В те постреволюционно-капиталистичекие холодные зимы люди («алкаши» и бездомные) гибли сотнями, а может быть, и тысячами: подъезды все заперты на железные двери, странноприимных домов нет (и до сих пор – нет), больнички перенабиты (с коридорами и лестничными маршами) стариками, онкологическими, наркоманами и просто по-честному больными. Вот когда это всё началось. Народ наш во второй раз (после Ленина – Сталина) лишили чести и достоинства. Вот он ныне и отрывается – на иномарках (остановки с детьми и женщинами сносит), на яхтах, на пляжах. Расчеловечиться легко. Очеловечиться – почти невозможно.
Больно и страшно смотреть на людей, разбирающих помойки в поисках еды. Невыносимо больно думать о том, что осталось от школы (всё: читать-писать умеют единицы), невозможно смотреть на разрушаемые вузы, на классический университет, распиленный на институты, страшно смотреть на разрушение и обветшание фундаментальной науки (не-прикладной и бесполезной, нецелесообразной с точки зрения власти).

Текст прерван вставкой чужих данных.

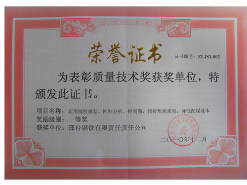 - 近日獲悉,我公司申報(bào)的“運(yùn)用線性規(guī)劃、回歸分析、控制圖預(yù)控焦炭質(zhì)量,降低配煤成本”質(zhì)量技術(shù)成果,經(jīng)河北省質(zhì)量技術(shù)獎(jiǎng)勵(lì)委員會(huì)評選,獲得一等獎(jiǎng)。該項(xiàng)目是焦化廠運(yùn)用質(zhì)量統(tǒng)計(jì)技術(shù)工具經(jīng)過實(shí)踐取得的一項(xiàng)質(zhì)量技術(shù)成果。通過實(shí)施該項(xiàng)目,配合煤成本比2008年降低了4775萬元,保持了焦炭質(zhì)量的持續(xù)穩(wěn)定。
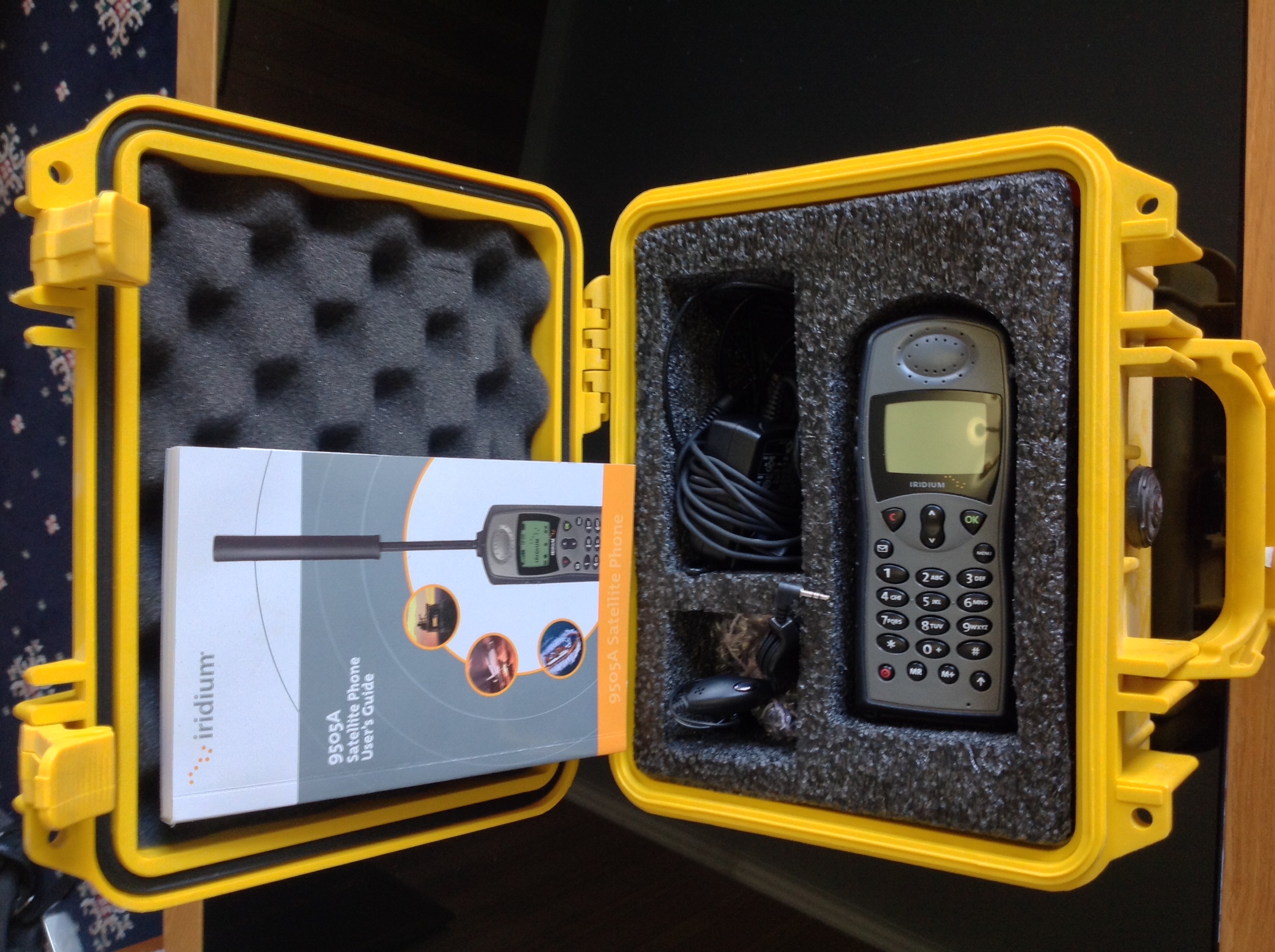 Спутниковый телефон Иридиум 9505А , не использовался, запасная батарея, выносная антена, переходники для зарядника, наушник, чехол, зарядка к "прикуривателю", герметичный кейс Pelican 1300. Все в состоянии -"новое". Во Владимире.

Я умер? Да. Я – умирал. Но… Я выжил? Я живу. В своём книжном мире, да? Такой вот придурок, не пожелавший (и при-родно к этому неприспособленный) заниматься чёрным риелторством, скупкой ваучеров, разорением рабочих посёлков и промышленных городов-городков; побрезговавший стать членом партий и чиновником. Да, я жив. Нас, таких, как я, осталось немного. Скоро мы действительно умрём. Вымрем («период доживания» пенсионеров и интеллигентов – короток). И вот тогда…
А пока мы живы… Пока мы живы – жив мир. Мир подлинно человеческий и божественный. Господи! Благодарю Тебя за Осипа Мандельштама. Он, вслед за Тобой, знал всё.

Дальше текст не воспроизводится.